What's the worst that can happen as you die? Well, if you're really soundly saved, if you've sold
out for Christ, man, you're going home to your reward. You should be happy. Plus statistically,
it's all a lie put out by gates and the rest of them. So let's get into tyranny crusher.
I want to get into what you see in the world. Whoa. So this guy is basically saying, hey,
if you are, you know, right with God, then, you know, hey, if you get COVID, you'll die,
but you'll go to heaven. Yeah. I want retroactively. I want every joke about 72 virgins. I want every
complaint immediately following 9 11 of like, please, all of this, take it all fucking back.

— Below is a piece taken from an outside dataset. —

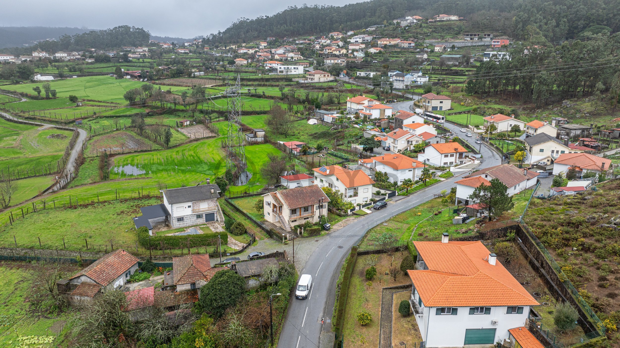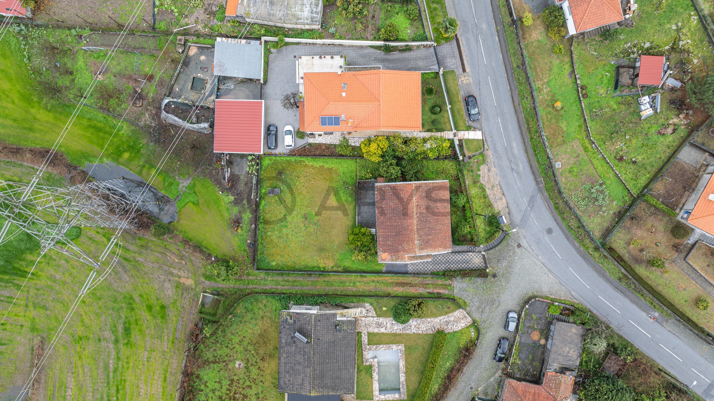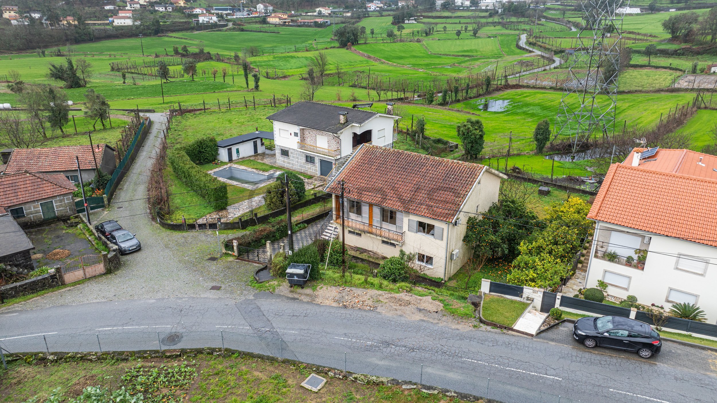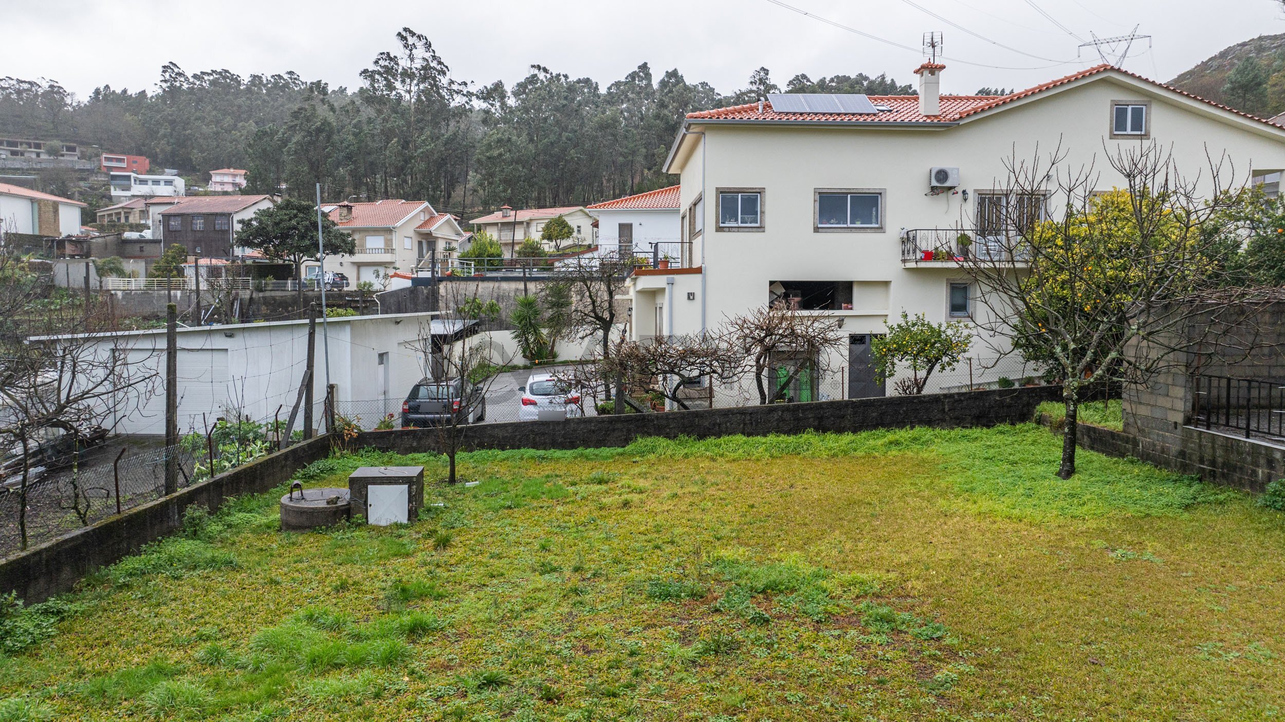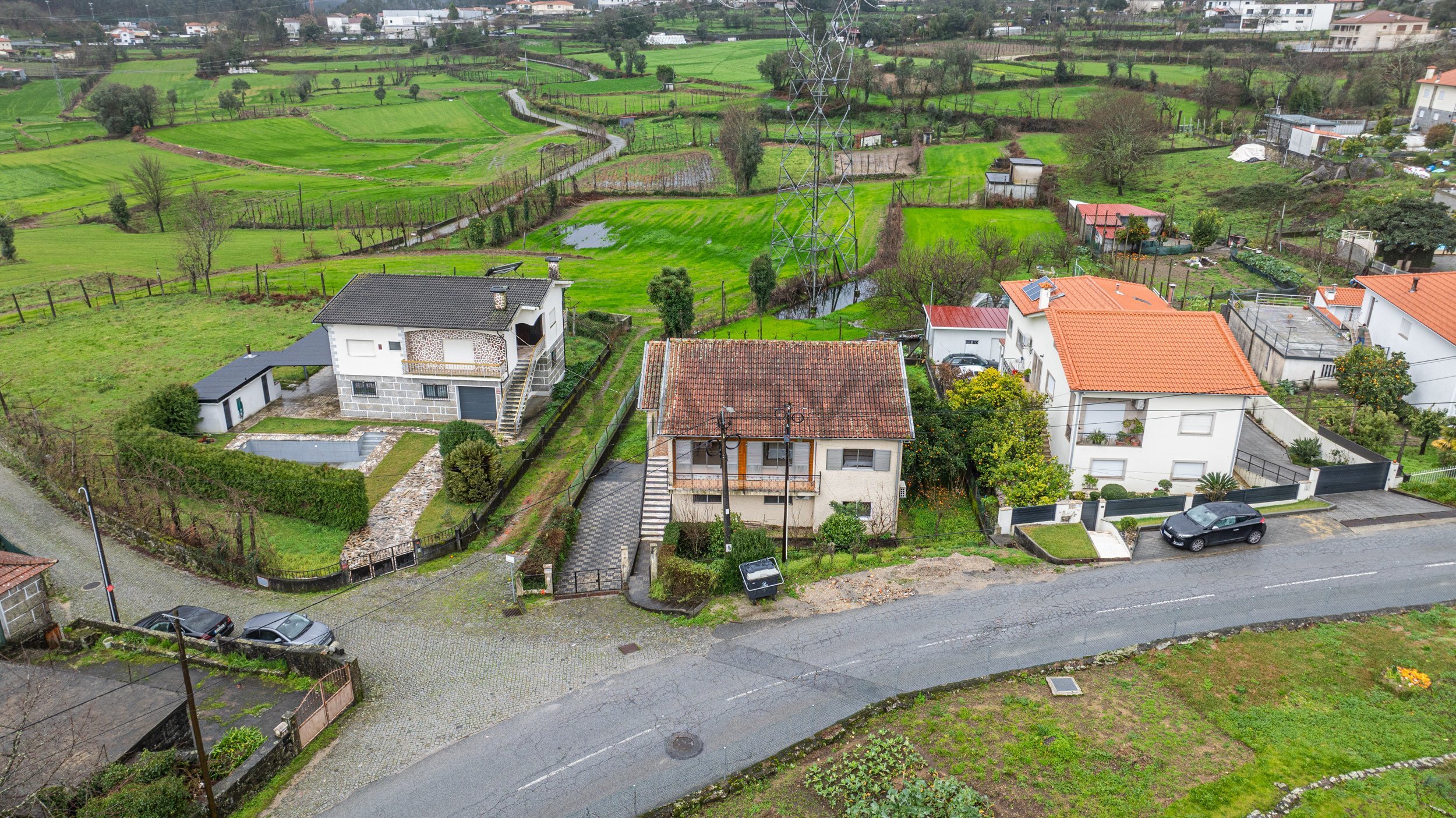 No exterior, o lote oferece espaço e tranquilidade, com garagem para dois carros e uma envolvente calma, ideal para quem valoriza sossego sem abdicar de proximidade à cidade.

You 72 virgins loving Christian bullshit asshole. Fuck you. It's okay to die if you're right with
God. I mean, if it's a fuck off, if it's a personal decision, I don't know how much I am going to
argue with it. It's the same problem, though, that you would have with like, let's say a terrorist
attack and that it affects other people. Yeah, it's the same thing. It's not an issue of you
getting sick. They don't issue of how many other people you could get sick and sure I can spread
the disease, but I personally don't want to wear a mask. So it's fine. It's it's because I'm right
with God. So if I even if I do die, sure, maybe I've spread it around to a few hundred people.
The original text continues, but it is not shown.